Jeanne Marie Laskas - Briefe an Obama

Jeanne Marie Laskas - Briefe an Obama

Jeanne Marie Laskas - Briefe an Obama

Wie kein anderer Präsident vor ihm hat sich Barack Obama für die vielen Briefe interessiert, die ihn im Weißen Haus erreichten. Das Hörbuch stellt eine Auswahl vor und gibt Einblicke in die Arbeit der Mitarbeiter, die sich darum kümmerten.

Jeanne Marie
Laskas Briefe an Obama

Das Portrait einer Nation
Gelesen von Christian Baumann, Julia Cortis, Juliane Köhler, Franz Pätzold
Der Hörverlag
ISBN 978-3-8445- 3300-2
8 Audio CDs

"10 letters a day" – das war das Pensum, das sich Präsident Barack Obama vorgenommen hat. Gemeint waren die Briefe der Bürger, die täglich in rauen Mengen im Weißen Haus ankamen. Für ihn lag darin die Chance, die Stimmung im Land kennen zu lernen. Manche Briefe beantwortete er persönlich oder er gab genaue Anweisung, wie sie zu beantworten seien.

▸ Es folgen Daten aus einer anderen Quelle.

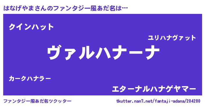 | 男性向けラノベタイトル風あだ名 | 『魔弾の王とはなげやま』 |
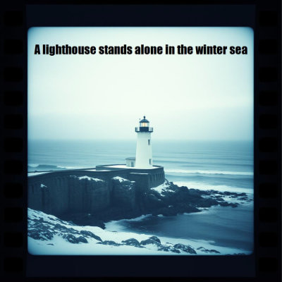 A lighthouse stands alone in the winter sea
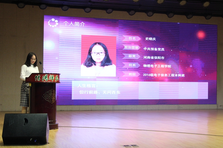 12月5日,由我校学工部、团委、学生会、研究生联合会举办的信阳师范学院第十三届“大学生自强之星”评选活动在理科楼报告厅举行,电影网站 2016级学子史晓庆荣获信阳师范学院第十三届“大学生自强之星”的称号。
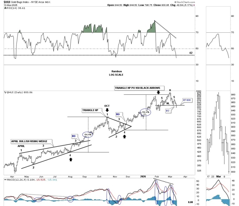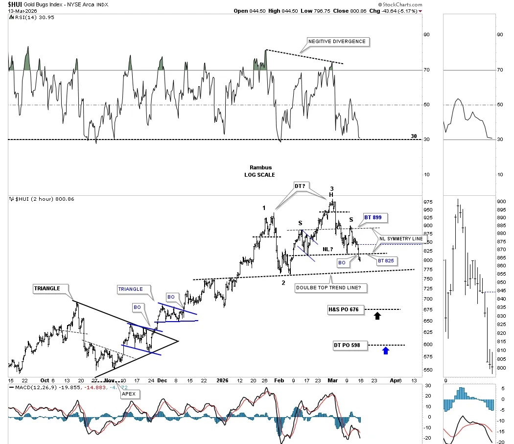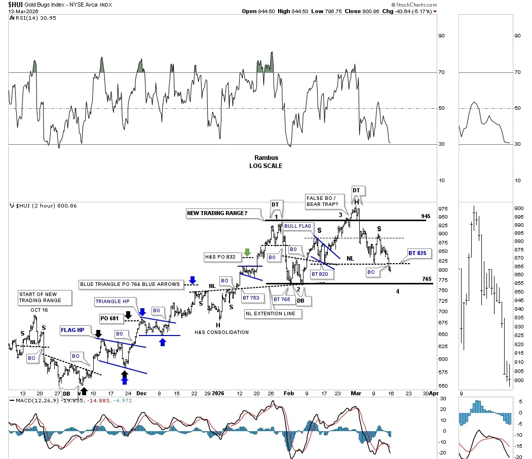 At the end of January and early February of this year, the HUI formed a small double top reversal pattern at reversal point #1, which strongly suggested the October 2025 rally had come to an end, and it was likely that it was time to start consolidating those gains. If you recall, there were two very large down days back to back off the double top high, which setup the double bottom low at reversal point #2 in what I started calling the setup at that time “new trading range.” Now we had a double top reversal pattern at reversal point #1, and a double bottom reversal pattern at the 2nd reversal point low. Keep in mind there has to be a minimum of four reversal points in a consolidation.
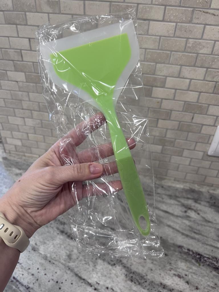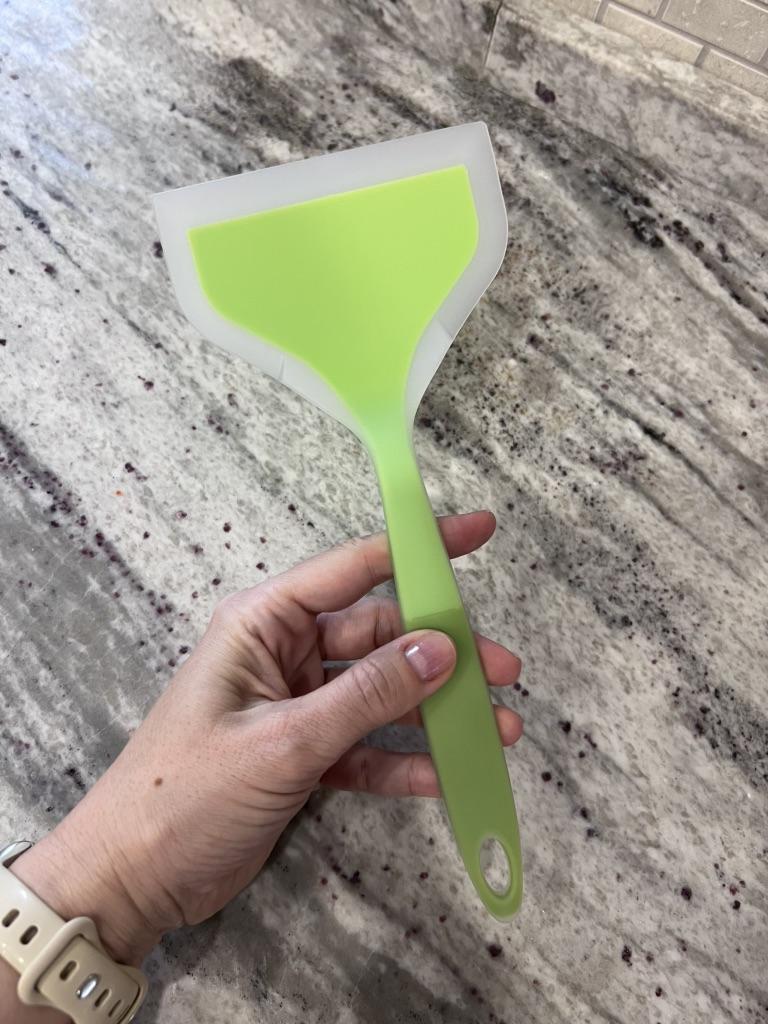 The ultimate spatula for pancakes and more! ⭐⭐⭐⭐⭐ I bought this silicone spatula in green and am thrilled with the choice. The feature that makes it superior to others is its width: being very wide, it allows you to flip large pancakes, omelets, or burgers in a single gesture, without breaking them.. Why I like it: Excellent Material: The silicone is of high quality, heat-resistant, and super flexible, ideal for not scratching non-stick pans. Ergonomic Design: Despite being large, it is light and easy to handle. Vibrant Color: The green is very beautiful and adds a touch of cheerfulness to the kitchen. It cleans up in a flash (even in the dishwasher) and has become my favorite tool for breakfast and beyond. An indispensable purchase! Thanks Joom
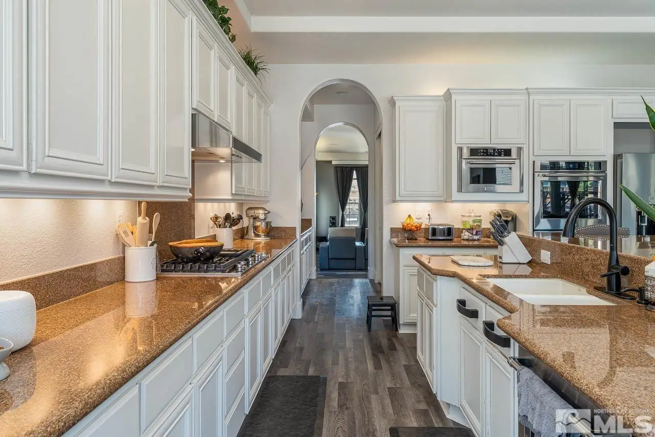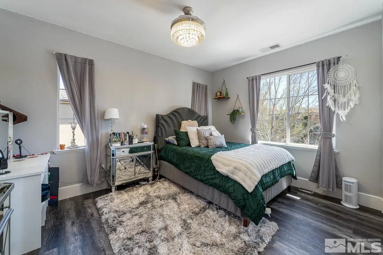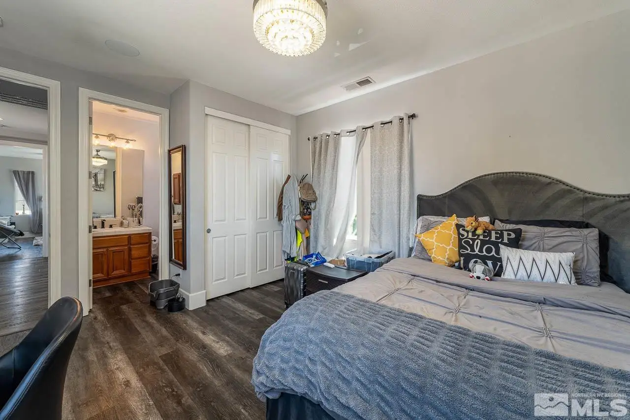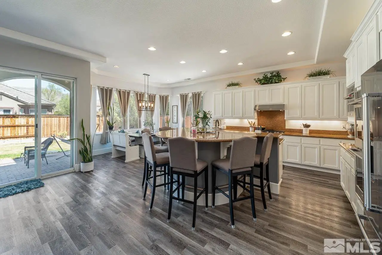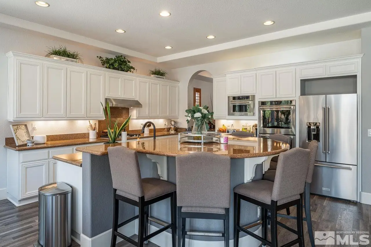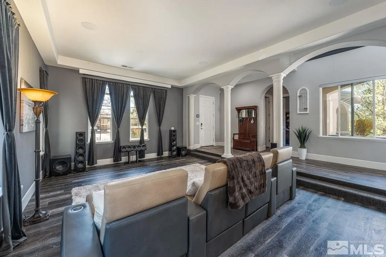 The entry foyer has all the WOW factor leading to this Elegantly designed 4 bed/4 bath home in the gated Damonte Ranch! A must see state-of-the-art entertainment system! One bedroom conveniently located downstairs, also suitable for an office/Den. Iron spindle staircase paves the way to the Primary Suite. The additional 2 bedrooms are mini-suites with their own bathrooms. The colossal bonus room is ideal for a playroom/gym. The LVP floor has a modern grey accent and the granite slab kitchen island is impressive!
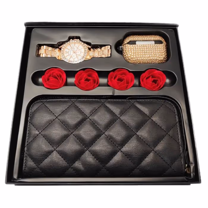 Coffret complet : Le coffret réunit trois éléments essentiels – montre, portefeuille et AirPods – pour une expérience luxueuse et pratique.
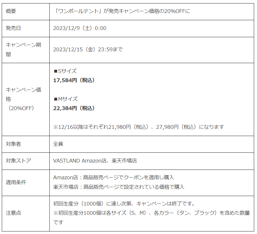 VASTLAND株式会社(本社:兵庫県姫路市/代表:田中悠貴)が運営するキャンプギアブランド「VASTLAND(ヴァストランド)」は、かんたんに設営できて、リビングスペースを兼ね備えた「ワンポールテント」を2023/12/9(土)にAmazon店&楽天市場店で先行発売することを決定しました。また発売を記念して、Amazon店&楽天市場店限定で20%OFFの価格で購入できる「発売キャンペーン」を【初回生産分1000個限定】で開催します。

Die amerikanische Journalistin Jeanne Marie Laskas hat sich dafür interessiert, wie man im Weißen Haus zu Obamas Zeiten mit der Flut von Bürgerbriefen verfuhr, sie hat sich im sogenannten Lektüreraum umgesehen, mit dem Präsidenten und seinen Mitarbeitern gesprochen.

"10 letters a day"

10. November 2008. An den designierten Präsidenten Barack Obama, Senat der vereinigen Staaten von Amerika.

George Washington erhielt im Durchschnitt fünf Briefe pro Tag. Ein reitender Bote brachte sie vorbei. Der Präsident las und beantwortete sie. In späteren Zeiten beschäftigte sich ein Stab von Mitarbeitern mit den Zuschriften, die das Volk an den ersten Mann im Staat richtete. Es gab Präsidenten, die sich kaum dafür interessierten und solche, die Vorlieben und Abneigungen entwickelten.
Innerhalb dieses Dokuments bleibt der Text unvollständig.